Would be happy to see other's ideas about this task.

Use the least significant bit of one of the pointers in the node to store the color information. The node pointers should contain even addresses on most platforms. See details here.

Just modify the BST. For black node, do nothing. And for red node, exchange its left child and right child. In this case, a node can be justified red or black according to if its right child is larger than its left child.

Use the least significant bit of one of the pointers in the node to store the color information. The node pointers should contain even addresses on most platforms. See details here.

There's 2 rules we can use:

1. since the root node is always black, then a red node will always have a parent node.

2. RB BST is always with the order that left_child < parent < right_child

Then we will do this:

1. keep the black node unchanged.

2. for the red node, we call it as R, we suppose it as the left child node for it's parent node, called P.

change the red node value from R to R', while R' = P + P - R

now that R' > P, but as it's the left child tree, we will find the order mismatch.
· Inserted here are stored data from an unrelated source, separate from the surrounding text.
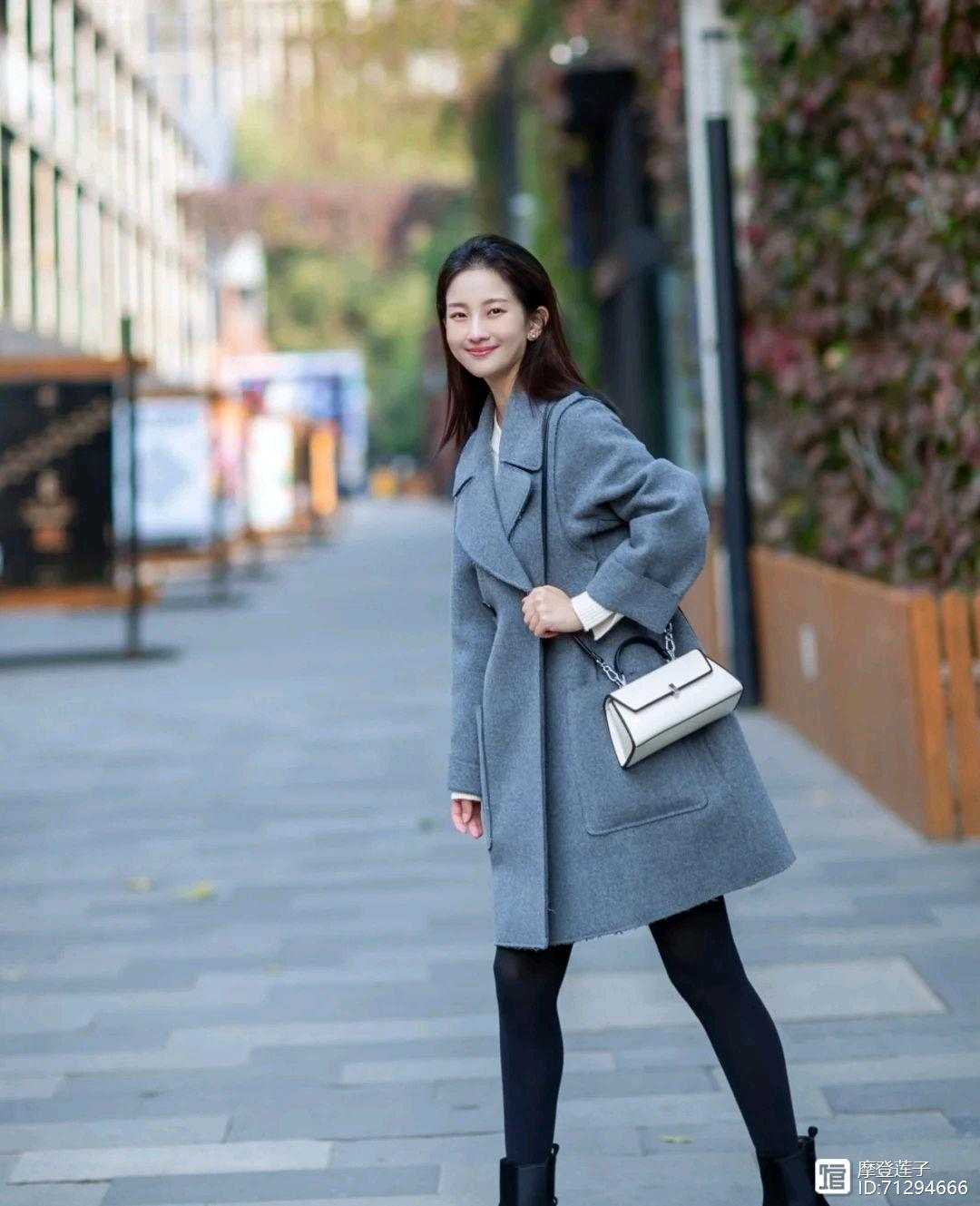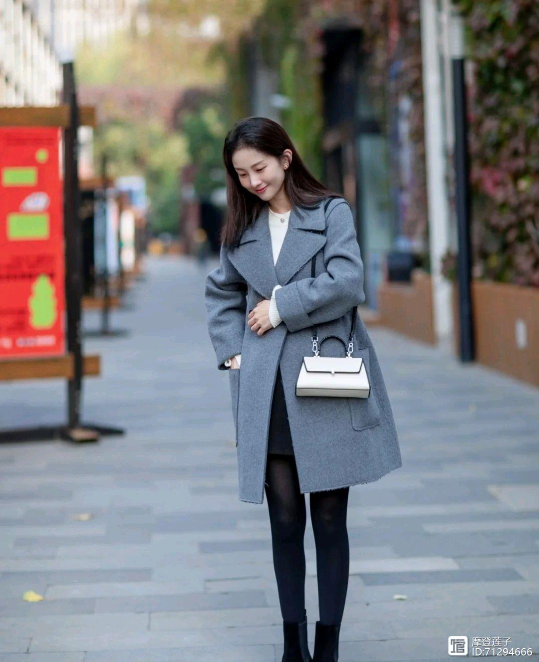 再说了,中长款设计的大衣搭配黑色打底裤之后,大衣的下摆可以起到遮挡的作用,所以哪怕是腿型不够完美的女生也可以借鉴这类似的穿搭,既简单又耐看。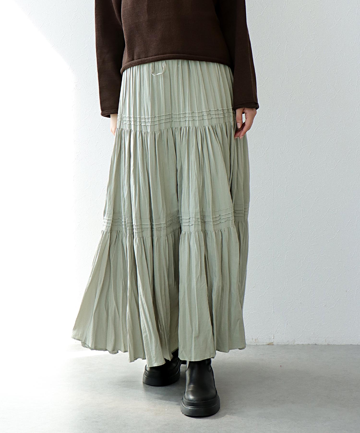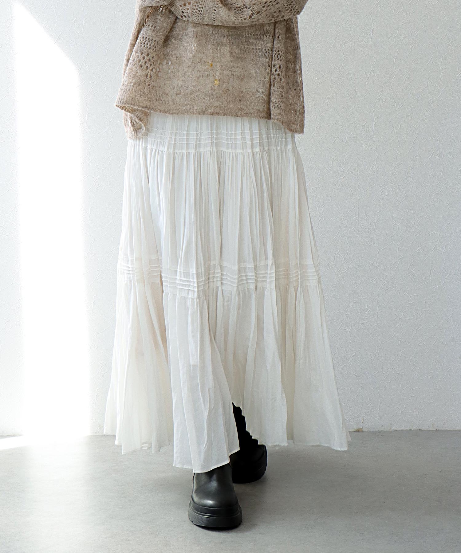 私もリアルバイしたギャザースカート✨。暖色や原色カラーが多くなる秋冬のトップスと合わせやすいおすすめのボトムです。また、「ホワイトって透けやすい?」と思いますが、全く透けなかったのでご安心ください😍!!
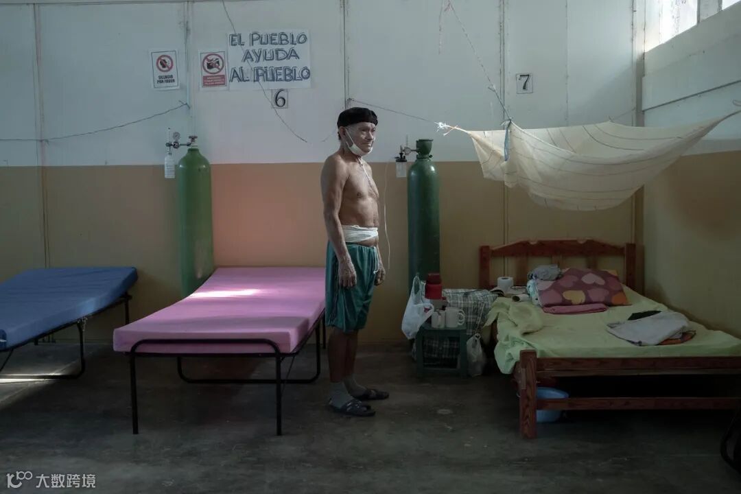 Elida Garcia在San Francisco土著社区的健康中心内等待。希皮博-科尼博人对政府没有送来医疗用品感到遗憾,他们被迫到普兰尔帕市寻求医疗援助。在该社区,至少90%的希皮博-科尼博人感染了新冠病毒。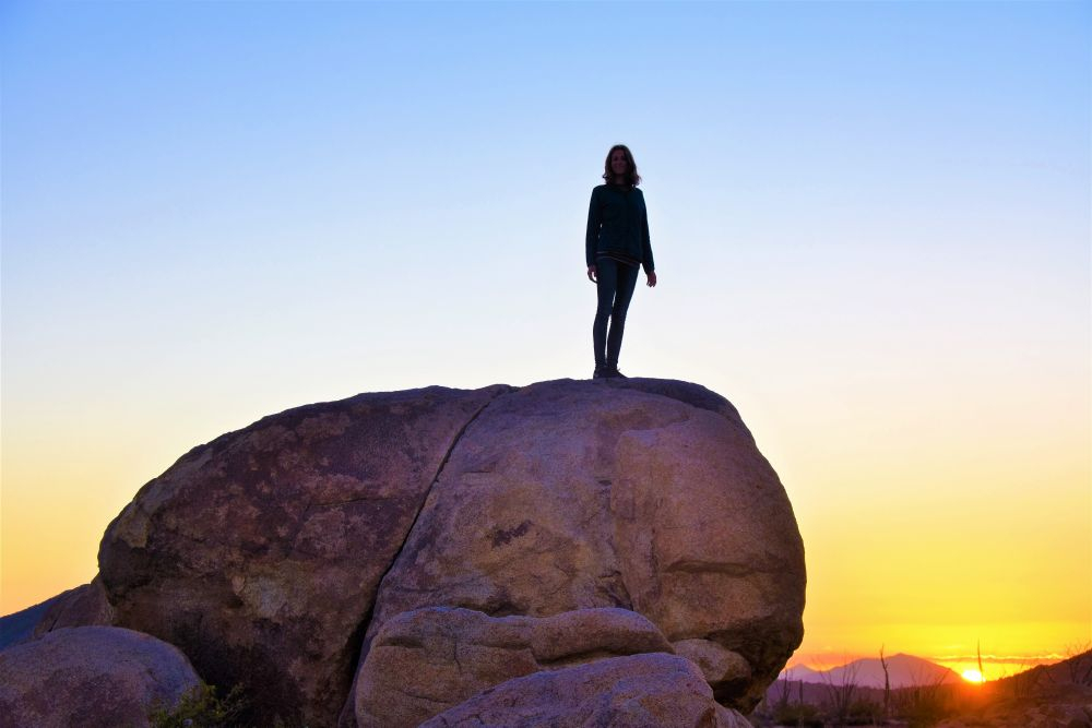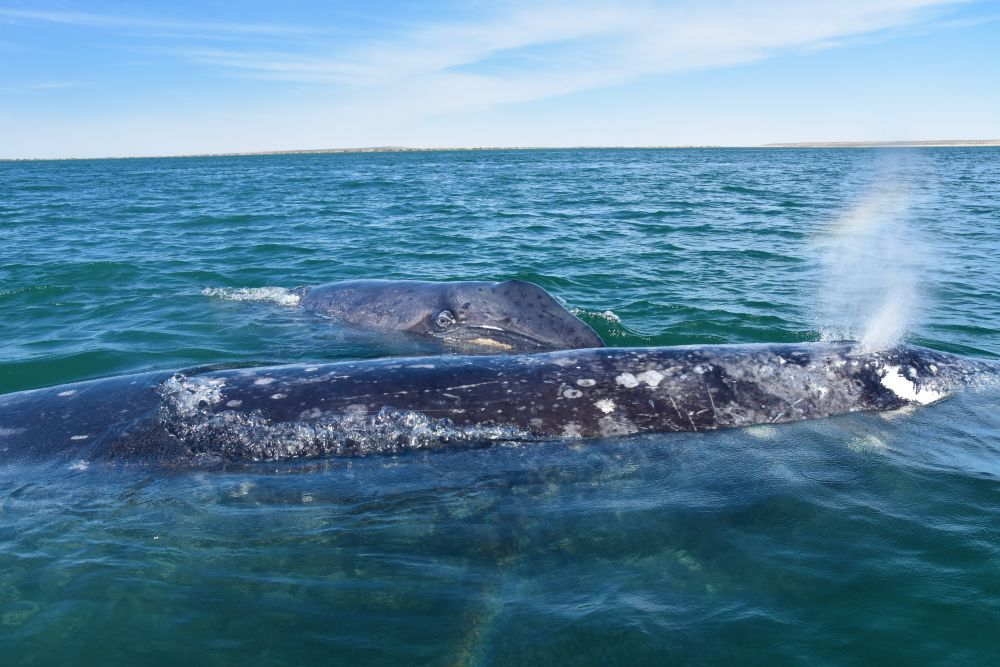 Ojo de liebre ist einer von drei Orten auf der Insel, die für Whalewatching bekannt sind. Die „Wal-Mamas“ schwimmen von Alaska bis nach Mexiko und bringen hier ihre Jungen zur Welt. Sie bleiben dann mit ihnen in der Bucht bis die Kleinen groß genug sind um ins offene Meer zu schwimmen. Wir haben schon im Vorfeld gehört, dass es sich hier um einen besonderen Ort handelt und die Giganten manchmal bis auf ein paar Zentimeter zu den Booten kommen. Natürlich wollten wir uns das nicht entgehen lassen. Wir kamen erst spät abends an, aber waren sofort von unserem Stellplatz und der Abendstimmung begeistert. Von unserem Frühstück aus konnten wir am nächsten morgen auch schon die Wale pusten hören und die Wasserfontänen aus dem Wasser spritzen sehen. Dies sind sind solche Momente in denen wir uns einfach nur glücklich schätzen, wie schön unsere Welt ist und was wir für ein Glück haben, diese Reise machen zu können. Natürlich wollten wir die Wale auch gerne vom Boot aus sehen, aber als wir vor Ort von dem stolzen Preis von 50 Dollar pro Nase für die Tour hörten, waren wir uns beide einig, dass wir uns das lieber sparen, da wir ja schon in Südamerika die Gelegenheit hatten, Wale bei einer Bootstour zu beobachten. Etwas traurig waren wir schon, aber das war uns dann doch einfach zu viel Geld. Als wir dann unsere „Stellplatz-Nachbarn“, Heather und Rick, kennenlernen durften, konnten wir unser Glück nicht fassen als uns die beiden nach einem kurzen Ratsch zu der Waltour einluden. Rick sage, dass wir hier unmöglich ohne dieses Erlebnis wegfahren können. Nur eine Stunde später saßen wir zusammen in einem Boot und zwar nur wie Vier! Ein unglaublicher Glücksfall, da wir so einen freien Blick nach allen Seiten hatten und uns frei auf dem Boot hin und her bewegen konnten. Unsere Fahrt dauerte nicht lange und es war einfach wirklich unglaublich. Wir waren quasi umzingelt von Walen und teilweise wussten wir gar nicht mehr, wo wir hinsehen sollten. Wir hätten uns manchmal einen Eulenkopf gewünscht den man einfach beliebig drehen kann… Es war so beeindruckend die Wal-Mamas mit ihren zum Teil nur wenige Tage alten Jungen zu beobachten. Der absolute Höhepunkt unseres Trips war aber dann als eine Wal-Mama mit ihrem Baby wirklich direkt zu unserem Boot kam, fast so also wollte sie uns ihr Junges zeigen. Beide tauchten sie seitlich von unserem Boot auf und machten dann eine Drehung und schwammen unter uns davon. Rick gelang es sogar für einen kurzen Moment sie zu berühren… so nahe waren sie uns. Am liebsten hätten wir auf dem Boot übernachtet, aber irgendwann ging es aber dann leider doch zurück. Bei der Rückfahrt hatten wir auch noch das Glück, dass drei Define direkt neben uns her sprangen (leider war zu diesem Zeitpunkt die 8GB Speicherkarte schon voll). Es war nicht zu vergleichen mit einer unser bisherigen Touren und wir sind Heather und Rick unendlich dankbar, dass sie uns das ermöglicht haben. Mit den Beiden hatten wir wieder einmal unglaublich herzliche Menschen getroffen und nach einem gemeinsamen Essen, luden uns die Beiden auch noch zu sich nach Phoenix ein. Wir konnten es kaum erwarten die Zwei in ihrer Heimat wiederzusehen. Wir blieben noch eine weitere Nacht an diesem magischen Ort und genossen dieses mal wirklich herrlichstes Wetter ganz ohne Wind – sogar ein kleines Lagerfeuer konnten wir am letzten Abend noch machen.
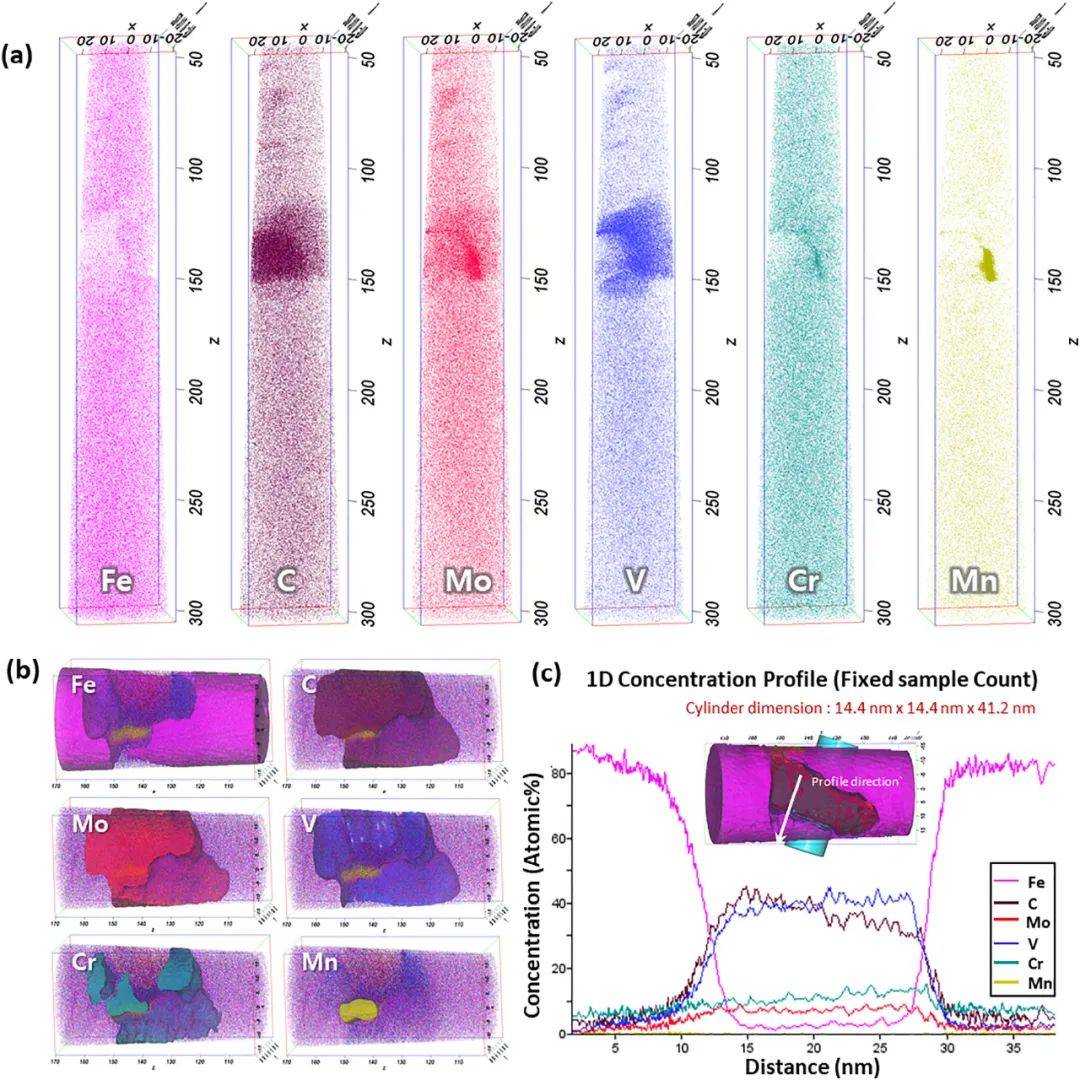 圖12.(a) 3D APT尖端重構(gòu),和(b)Fe、C、V、Cr、Mn和Mo原子位置的等值面性質(zhì)。(c)沿圓柱體的1D成分剖面。

If we find an order mismatch, then we will know it's a red node. and it's easy to go back to the original R = P + P - R'

One option is to use a tree that requires less bookkeeping, e.g. a splay tree. However, splay trees in particular aren't very good for iteration (they're much better at random lookup), so they may not be a good fit for the domain you're working in.

You can also use one BitSet for the entire red-black tree based on node position, e.g. the root is the 0th bit, the root's left branch is the 1st bit, the right branch is the 2nd bit, the left branch's left branch is the 3rd bit, etc; this way it shouldn't matter if there are duplicate elements. While traversing the tree make note of which bit position you're at.

It's much more efficient in terms of space to use one bitset for the tree instead of assigning a boolean to each node; each boolean will take up at least a byte and may take up a word depending on alignment, whereas the bitset will only take up one bit per node (plus 2x bits to account for a maximally unbalanced tree where the shortest branch is half the length of the longest branch).

Instead of using boolean property on a child we could define a red node as the one who has a child in the wrong place.

If we go this way all leaf nodes are guaranteed to to be black and we should swap parent with his sibling (making him red) when inserting a new node.